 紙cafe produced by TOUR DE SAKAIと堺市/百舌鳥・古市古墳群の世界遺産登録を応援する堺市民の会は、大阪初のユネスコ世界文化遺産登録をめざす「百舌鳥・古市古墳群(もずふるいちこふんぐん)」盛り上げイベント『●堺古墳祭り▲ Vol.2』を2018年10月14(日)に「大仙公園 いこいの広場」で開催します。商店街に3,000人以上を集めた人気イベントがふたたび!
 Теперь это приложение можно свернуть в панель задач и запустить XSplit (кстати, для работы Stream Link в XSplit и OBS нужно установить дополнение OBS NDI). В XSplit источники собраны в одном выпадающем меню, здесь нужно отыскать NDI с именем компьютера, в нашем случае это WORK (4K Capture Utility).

++++++++++++++++++++

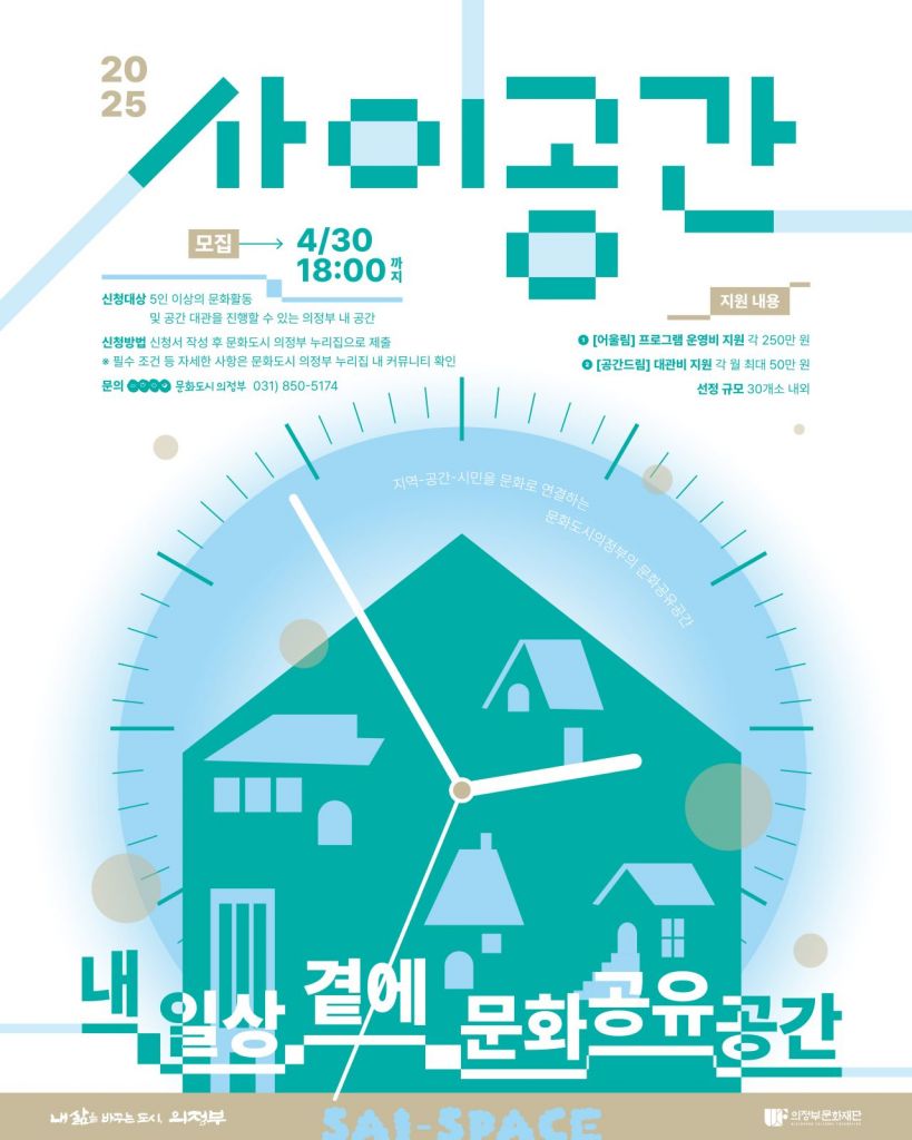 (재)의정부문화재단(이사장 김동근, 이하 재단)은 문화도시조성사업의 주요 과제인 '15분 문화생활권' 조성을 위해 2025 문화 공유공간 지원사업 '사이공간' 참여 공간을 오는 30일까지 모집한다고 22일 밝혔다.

++++++++++++++++++++

#### Work to complete
Could you set down, exactly as written, the lines above between the one holding "紙cafe produced by" and the one holding "Теперь это приложение", inclusive, and nothing more?

#### Completed task
 紙cafe produced by TOUR DE SAKAIと堺市/百舌鳥・古市古墳群の世界遺産登録を応援する堺市民の会は、大阪初のユネスコ世界文化遺産登録をめざす「百舌鳥・古市古墳群(もずふるいちこふんぐん)」盛り上げイベント『●堺古墳祭り▲ Vol.2』を2018年10月14(日)に「大仙公園 いこいの広場」で開催します。商店街に3,000人以上を集めた人気イベントがふたたび!
 Теперь это приложение можно свернуть в панель задач и запустить XSplit (кстати, для работы Stream Link в XSplit и OBS нужно установить дополнение OBS NDI). В XSplit источники собраны в одном выпадающем меню, здесь нужно отыскать NDI с именем компьютера, в нашем случае это WORK (4K Capture Utility).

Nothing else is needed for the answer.